Re: “No Vote punishes the young,” March 11.
The young won’t be able to afford to live in Metro Vancouver let alone transit fare if TransLink and Metro Vancouver Mayors continue their tax-and-spend binging that has gone on far too long. The new tax would add a further cost burden for residents of an average of another $250 per year.
As taxes rise, so does the cost of living, which seriously affects the young when they are just starting out in life and find they cannot even afford to leave their parents home. A No vote to the proposed PST transit tax increase would send the message residents are fed up and will no longer tolerate all the deception and unaccountable, wasteful behaviour by TransLink and Metro mayors.
According to the Canadian Consumer tax index published in 2014 by the National Post, Canadians already pay 42 per cent of their income in various taxes, with Metro Vancouver residents also enduring the highest cost of living in the country. This makes it critically important that residents get answers to some serious questions before agreeing to hand over another penny of their hard earned dollars.
A key question is why Metro Vancouver residents alone are being made responsible for the cost of transit development?
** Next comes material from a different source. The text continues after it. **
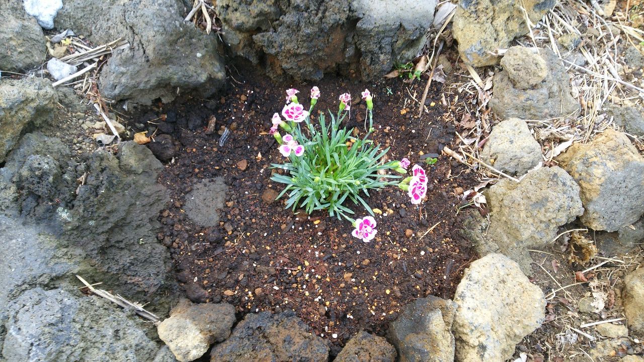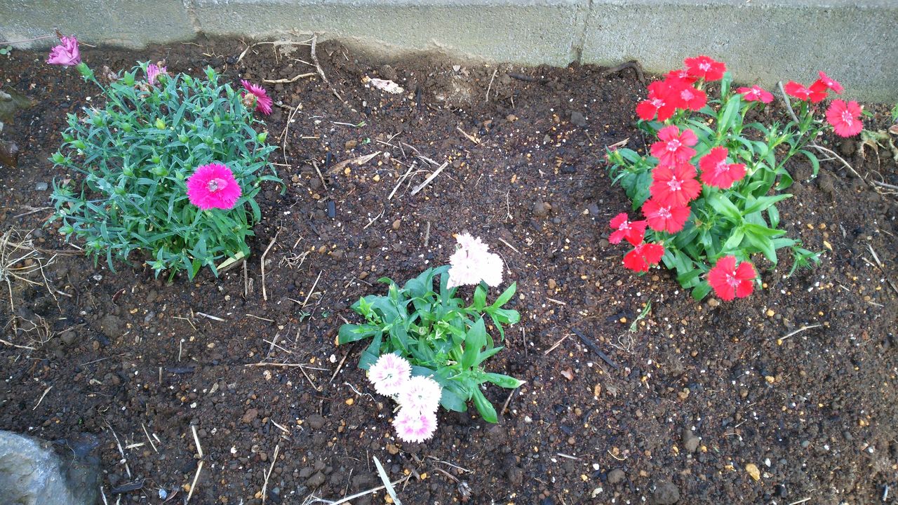 先日、ホームセンターで購入したピンクキッスとナデシコを庭に植えました。ピンクキッス 2ポットは、石積みのポケットです。

Responsibility for funding the construction of vital infrastructure within B.C.’s economic engine — Metro Vancouver — should be shared by all residents and businesses through governance by the provincial and federal government, not by unelected TransLink fat cats.
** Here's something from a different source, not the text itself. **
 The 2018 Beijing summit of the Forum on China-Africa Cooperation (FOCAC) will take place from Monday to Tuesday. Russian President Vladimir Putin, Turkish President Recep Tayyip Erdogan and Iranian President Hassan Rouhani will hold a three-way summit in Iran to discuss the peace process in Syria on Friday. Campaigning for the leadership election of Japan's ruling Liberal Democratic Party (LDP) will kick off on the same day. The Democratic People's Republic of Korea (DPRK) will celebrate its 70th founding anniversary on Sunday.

TransLink and the mayors want Metro Vancouver residents to fork over another $250 million in taxes a year to the TransLink coffers for a wish list of projects for which absolutely no financial details has been provided. This is on top of the 1.4 billion a year TransLink currently receives in funding from the 0.17 cents a liter of gas at the pumps and a huge chunk of our property taxes, which keep rising.
The mayors claim that from their seven billion in annual spending, with a projected growth of 4.8 per cent annually, they are also unable to identify a single penny of cost savings to support their transit plan. Yet it has been established by the Canadian Taxpayers Federation that they have the necessary funding sources without any tax increase.
It has been far too easy for politicians and government bureaucrats to keep going to the taxpayers instead of providing effective budgeting and securing greater operating efficiencies.
A No vote is about funding sources and mismanagement, not against transit which proponents of a Yes vote keep trying to make it. It is time we stop giving Metro mayors and TransLink a blank cheque.